3. Now assume the voltage may not decrease below 70% of the original voltage. This voltage is referred to as the voltage floor, and any voltage lower than that will lose the state. Therefore, while the frequency can keep decreasing, the voltage cannot. What are the dynamic energy and power savings in this case?
4. How much energy is used with a dark silicon approach? This involves creating specialized ASIC hardware for each major task and power gating those elements when not in use. Only one general-purpose core would be provided, and the rest of the chip would be filled with specialized units. For email, the one core would operate for 25% the time and be turned completely off with power gating for the other 75% of the time. During the other 75% of the time, a specialized ASIC unit that requires 20% of the energy of a core would be running.
5. (10 pts) Effective CPI: Solve problem A.3 in Appendix A on page A-48.
6. (10 pts) CISC Architecture: Pick any CISC architecture and examine its instruction set architecture and answer the following questions. You can search online for the ISA summary for the processor you have chosen. **Cite the source(s) you have used for this problem.** 
   1. What makes it a CISC Architecture?
   2. List all instructions that you think are “complex” in nature?

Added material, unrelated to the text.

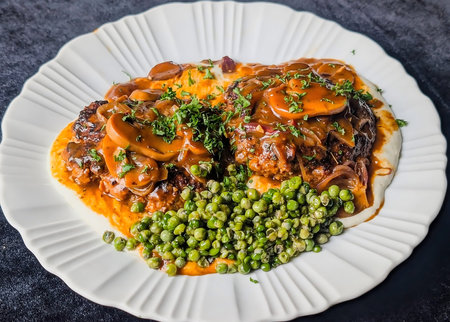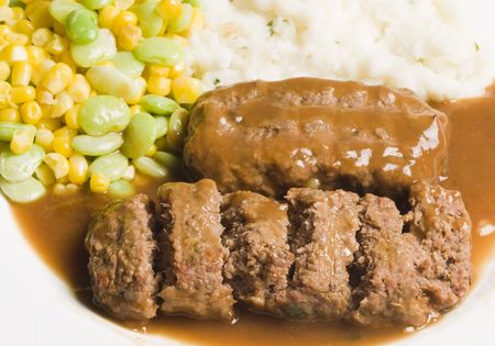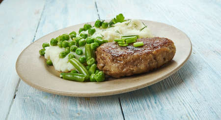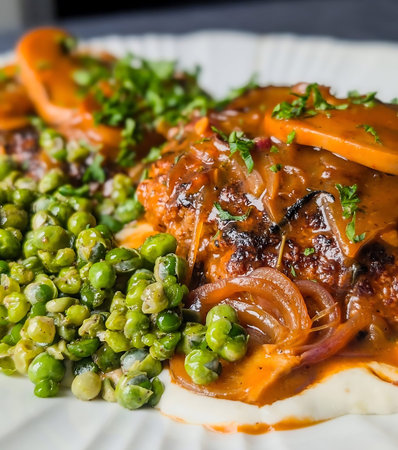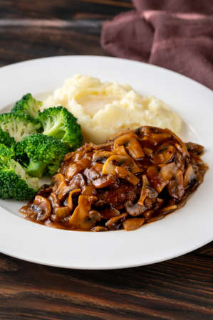 Salisbury steak topped with mushroom and onion gravy served over creamy mashed potatoes with green peas and chopped parsley.

   3. List all addressing modes supported by the processor.
7. (10 pts) We begin with a computer implemented in single-cycle implementation. When the stages are split by functionality, the stages do not require exactly the same amount of time. The original machine had a clock cycle time of 13 ns. After the stages were split, the measured times were IF, 2 ns; ID, 3.5 ns; EX, 1 ns; MEM, 4 ns; and WB, 2.5 ns. The pipeline register delay is 0.1 ns.
   1. What is the clock cycle time of the 5-stage pipelined machine?
   2. If there is a stall every four instructions, what is the CPI of the new machine?
   3. What is the speedup of the pipelined machine over the single-cycle machine?
   4. If the pipelined machine had an infinite number of stages, what would its speedup be over the single-cycle machine?
8. (10 pts) What are the four types of architecture according to Flynn’s taxonomy? For each architecture, identify what kinds of parallelism are exploited?